Alabama city declares disaster over shrimp imports

Alabama city declares disaster over shrimp imports

The city of Bayou La Batre in the U.S. state of Alabama has declared a disaster over shrimp imports, and it’s asking the state government and the federal government to do the same.

The Bayou La Batre city council unanimously adopted a resolution on 17 August declaring shrimp dumping to be a disaster.

“The recent influxes of imported shrimp into the United States markets have affected the ability to market and see wild caught domestic shrimp,” the resolution states. “The magnitude of the potential damage and the rapidity with which the continuation of the decrease of the marketability of domestic shrimp is an imminent threat of disaster.”

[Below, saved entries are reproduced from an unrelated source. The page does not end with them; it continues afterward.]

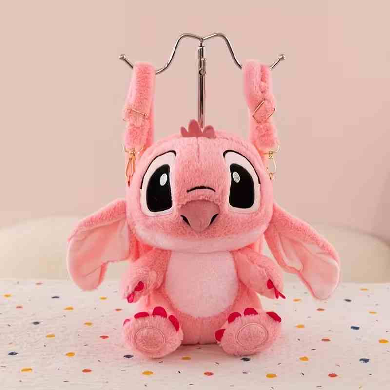 Рюкзак плюшевая сумка Стич Ангел розовый 25*21см, пак. 30*30см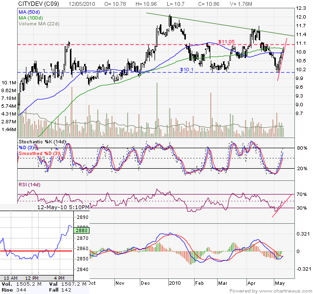 Important Resistance of CityDev: $11.05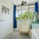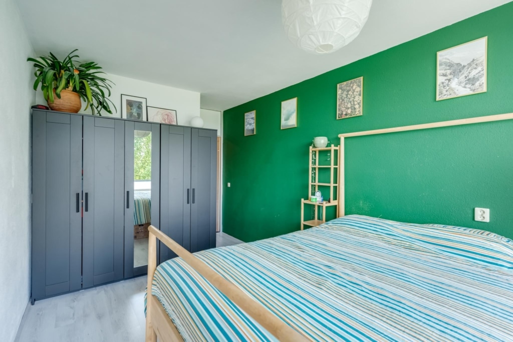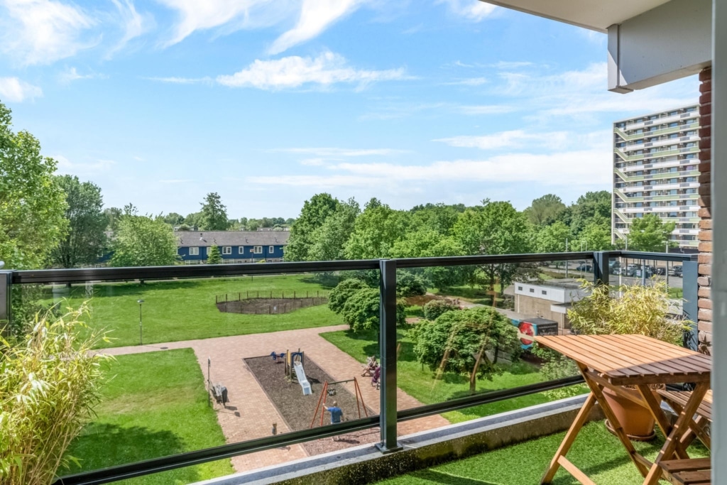 Aan de achterzijde van het appartement bevindt zich de lichte woonkamer met grote ramen en toegang tot het heerlijke balkon. Hier ligt een nette laminaatvloer en de kamer biedt een vrij uitzicht op een parkje met speeltuin. Het balkon is ruim genoeg voor een zitje, waar u kunt genieten van de buitenlucht en het groene uitzicht.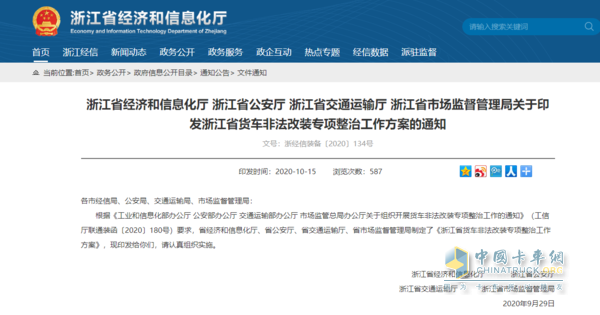 2020年10月21日,記者從浙江省經(jīng)信廳獲悉,省經(jīng)信廳、省公安廳、省交通運輸廳、省市場(chǎng)監督管理局近日印發(fā)實(shí)施《浙江省貨車(chē)非法改裝專(zhuān)項整治工作方案》。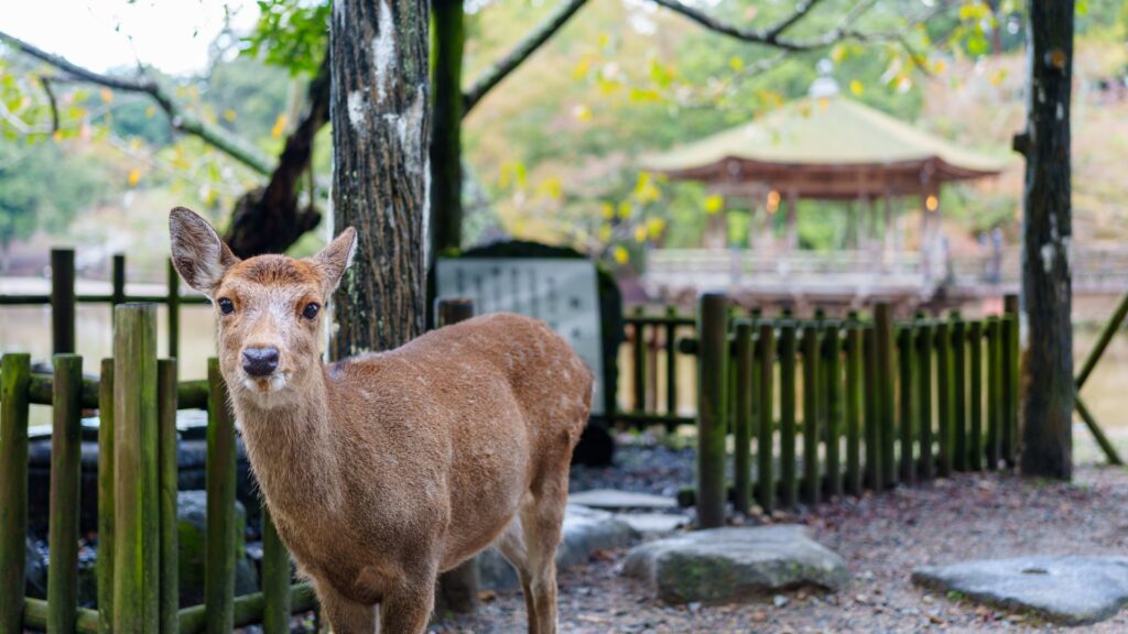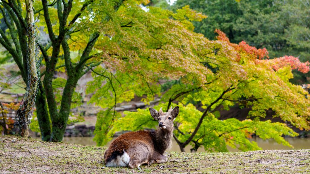 浮見堂の裏手はもみじがいっぱいです。良いところだろ。と雄鹿がどっしり座っておりました。

NOAA Fisheries estimated that the U.S. had a seafood trade deficit of USD 17 billion (EUR 15.7 billion) in 2019.

A similar resolution was adopted by the county government of Matagorda in the U.S. state of Texas.

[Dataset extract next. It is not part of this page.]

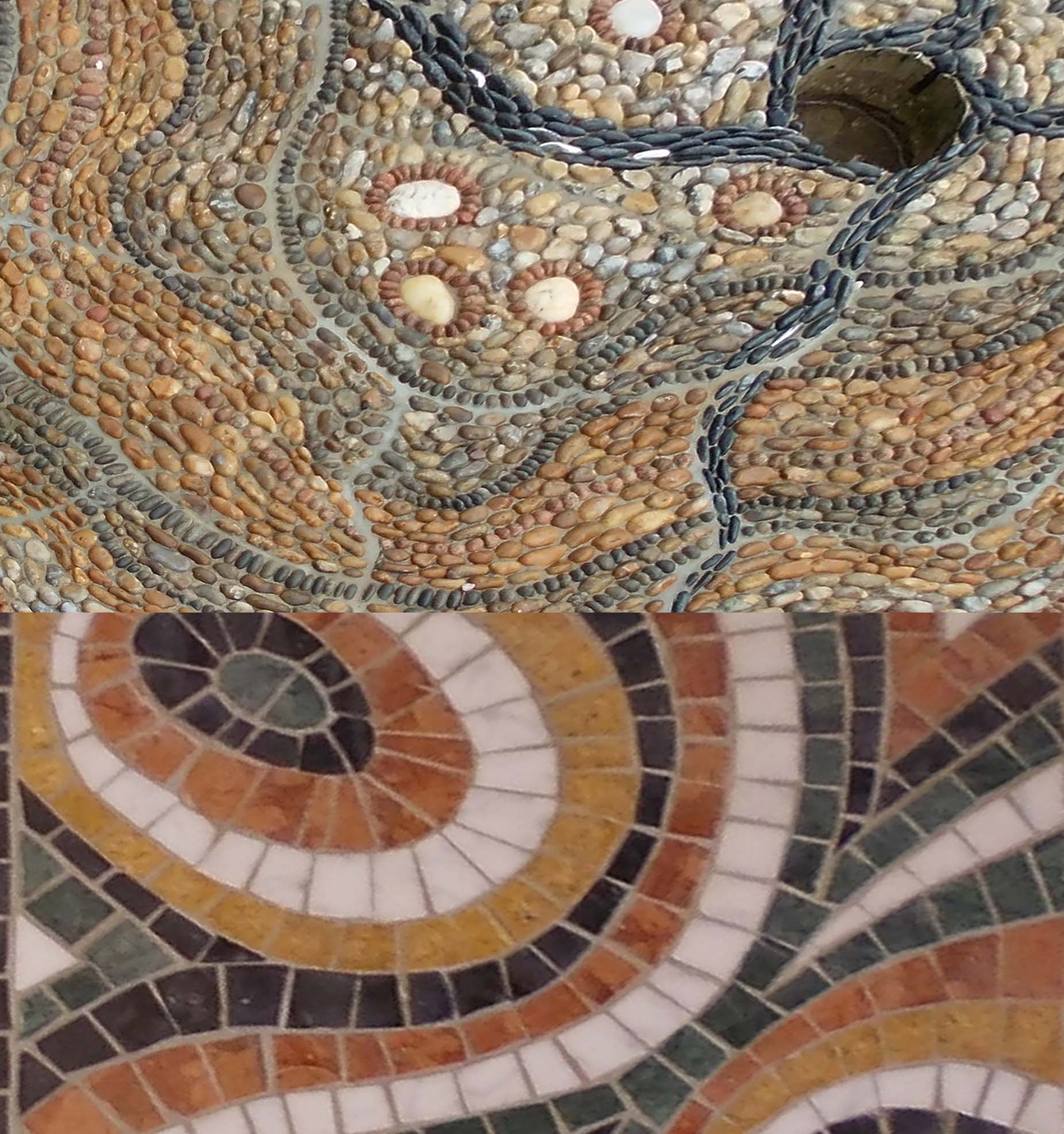 From the original eight under consideration, we have shortlisted two. These designers are both very talented, and we believe either could give an excellent interpretation, but they offer contrasting approaches – one works in pebble mosaic, the other in the traditional tesserae. The picture shows small samples of their work.

Mayor Henry Barnes followed up with a letter to Alabama Governor Kay Ivey, asking her to declare a disaster as well.

“Our community has been involved in commercial fishing well over 150 years and is known as “The Seafood Capital of Alabama.” Our seafood industry is being squeezed out of existence due to the continued dumping of imported shrimp. I and many others fear that our way of life will become extinct and forgotten,” Barnes said.

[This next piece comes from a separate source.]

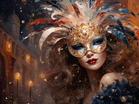 Droomvrouw. mooi. Vrouw. Venetië. masker. carnaval. blond haar. vuurwerk. Muur Kunst. Digitale Muur Kunst. Digitale Deco Muur Kunst. Home Decor. Kleuren.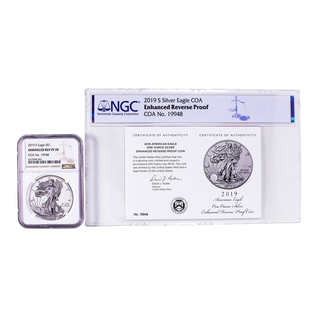 One 2019-S $1 Enhanced Reverse Proof American Silver Eagle Coin NGC PF70 w/ COA. NGC Certified.

State legislators from the area have also written letters imploring the state to declare a disaster, and Texas representatives have reached out to the U.S. Department of Commerce to explain how it is combatting shrimp dumping.

The federal government has expressed interest in supporting domestic fishermen against imports. In June, the International Trade Commission decided to maintain antidumping duties on shrimp from India, China, Thailand, and Vietnam.

“Decades of increasing imported shrimp volumes have created a race to the bottom on prices and decimated our market share. Today, the ITC provided us with a lifeline and incentive to continue the fight to allow this industry to survive in a fair competitive environment,” American Shrimp Processors Association President Trey Pearson said in response.

In July, the Department of Commerce released a new export strategy to address trade imbalances affecting America’s domestic seafood industry.